LONDON AND ITS UNDERGROUND RAILWAYS

London owes its very existence to possessing a geographical position largely favourable to transport. Given its size, it is not surprising that it has a very complex un-derground-railway system. Despite its infrastructure, fabric and rolling stock creaking at the seams from time to time and the fact that it has become a political football, it has for long played and continues to have an essential part in the social, economic and cultural life of London. ‘Underground’ is something of a misnomer. Only about 42 per cent of the system actually runs below the surface.

It could be argued that it isn’t really a system at all in the strict sense of the word.
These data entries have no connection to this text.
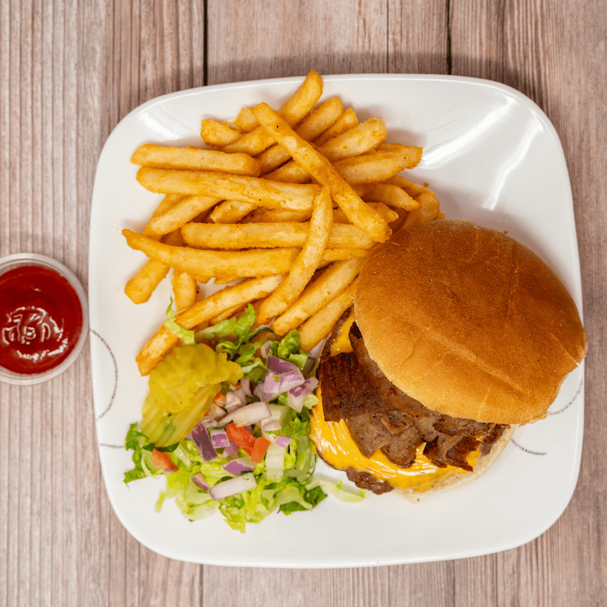 Enjoy a fusion of flavors with the Gyro Cheeseburger, featuring juicy, seasoned meat topped with crispy gyro slices and melted cheese. A perfect blend of savory goodness for an elevated burger experience
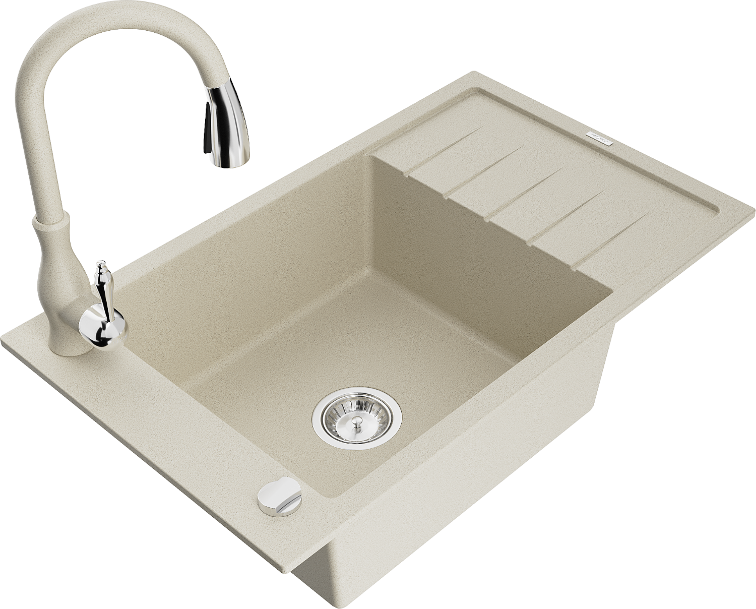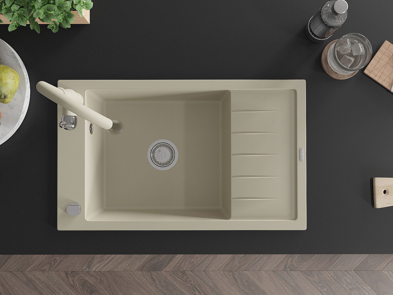 Mexen Elias granitový dřez 1-komorový s odkapávačem a kuchyňskou baterií Savita, béžový - 6511-69-672601-69
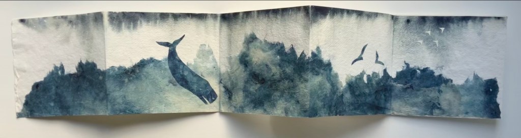 Below is the final folio of the work. Like the first, it is made completely of flax paper, but its center spread offers a fuller image: flax blossoms and stalks float in the foreground, and in the background is a sketch of Beisinghoff’s residence where she grows her flax. Like the Fibonacci spiral on the front and back covers, the first and last flax folios round out the work. But go back and listen for the hidden sound installations accompanying Dew Blue. Noticing Beisinghoff’s abstract musical notation, indulge yourself with recordings of a Swedish folk song (“Today is supposed to be the big flax harvest” here or here) to which the notation and phrases allude, and as the flax papers turn and wave on their accordion peaks, listen carefully for their musical rustle.
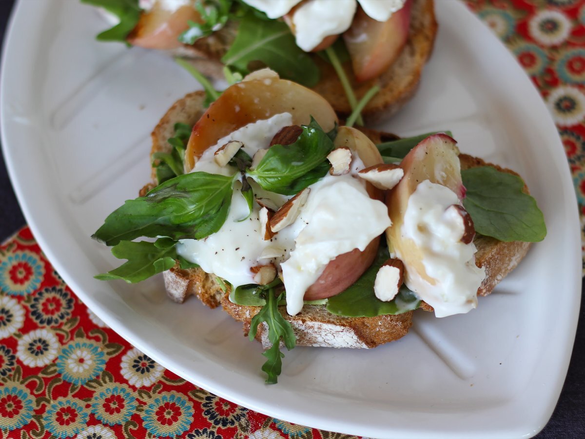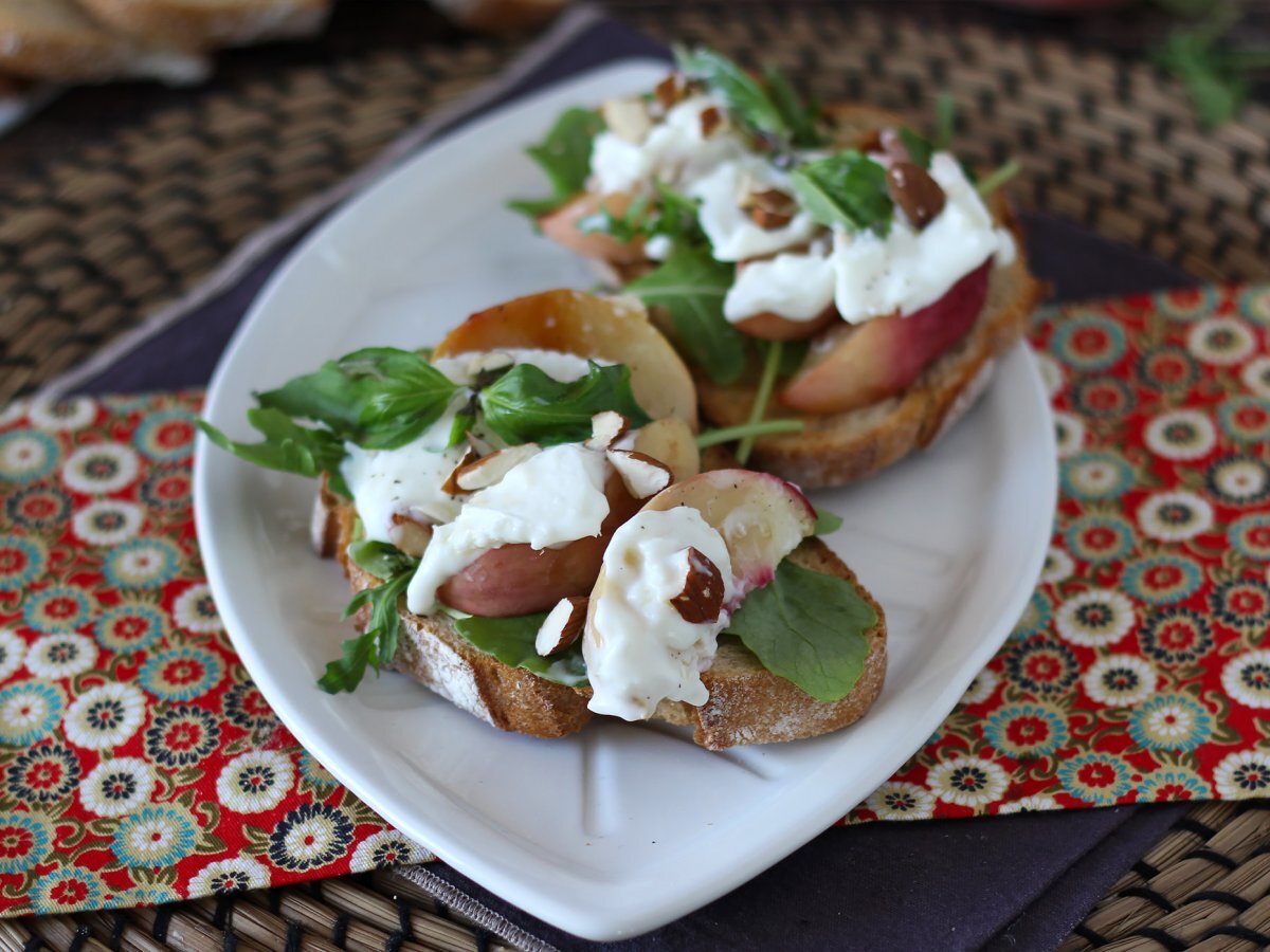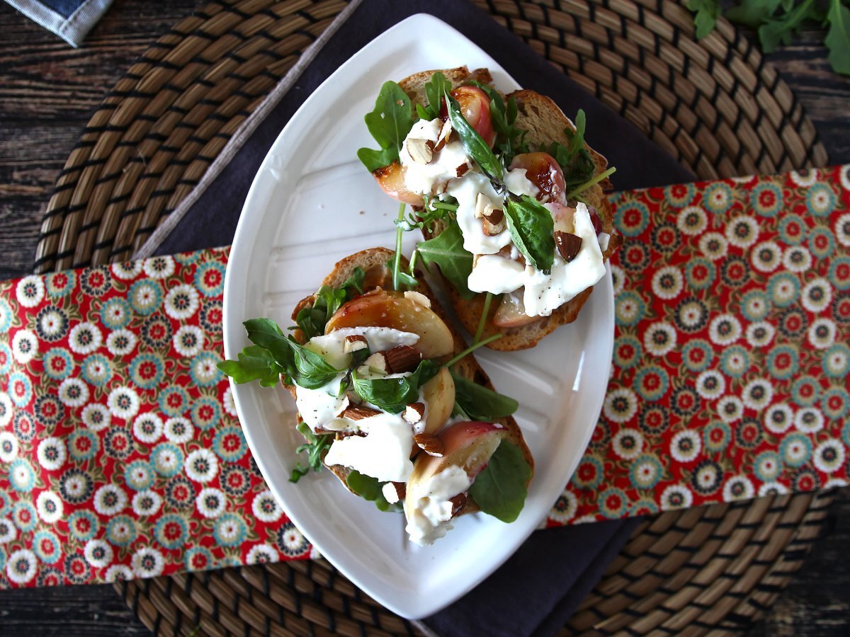 Tartine cu rucola, piersici prăjite si burrata
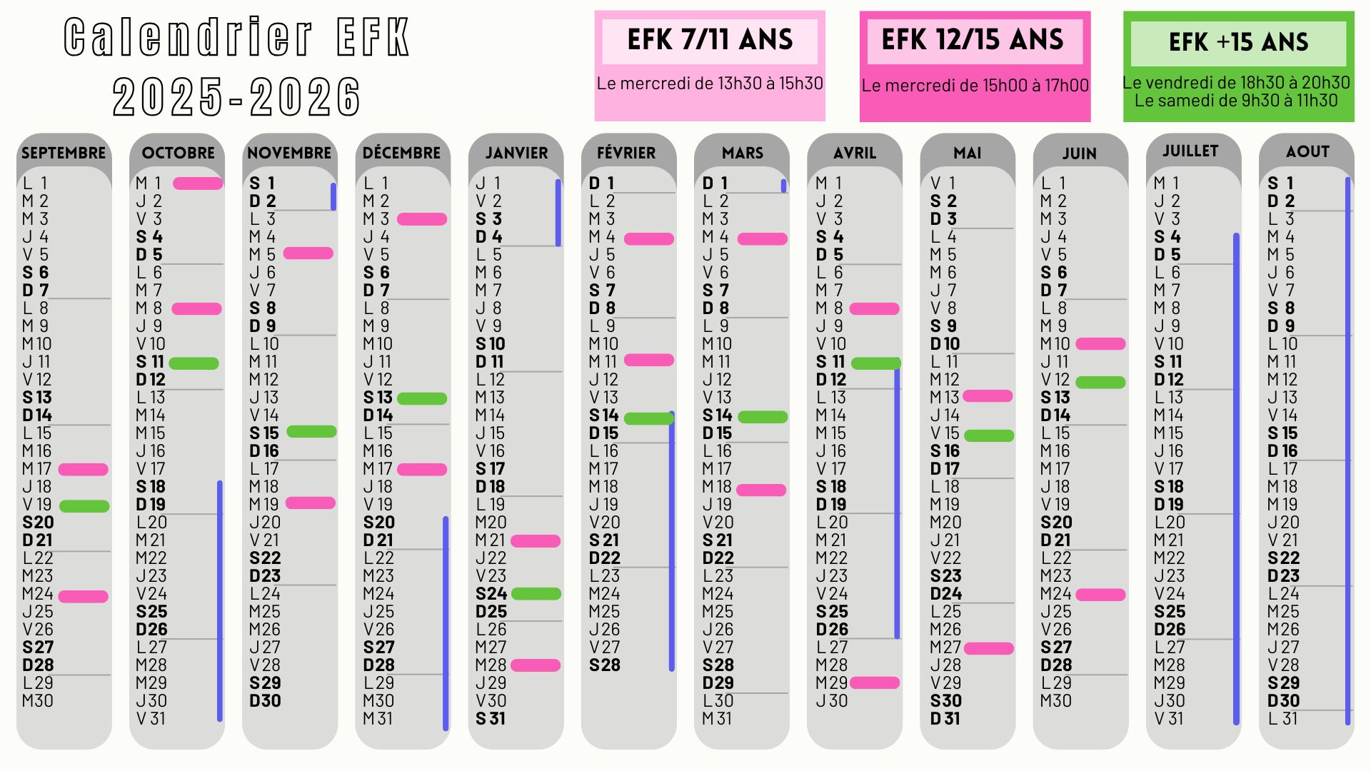 Places limitées – voir planning en bas de page

In spite of the iconic nature of its logo, the station totem, the architectural merit of some of its buildings and the masterpiece of graphical design which is the Underground map, all giving a strong sense of system, the network grew up, at least until the early 1930s, in a largely piecemeal fashion. Many proposals for additional lines or extensions to existing ones have been mooted and then abandoned, never to see the light of day despite the likelihood that they were logical and would have made very useful contributions to the network. There are substantial parts of London that have never been well-served by the Underground network. Even with these reservations, the Underground is still a marvellous system. It is too easy to take it for granted; it is an essential part of the capital’s infrastructure – life in London would be very different without it, and worse.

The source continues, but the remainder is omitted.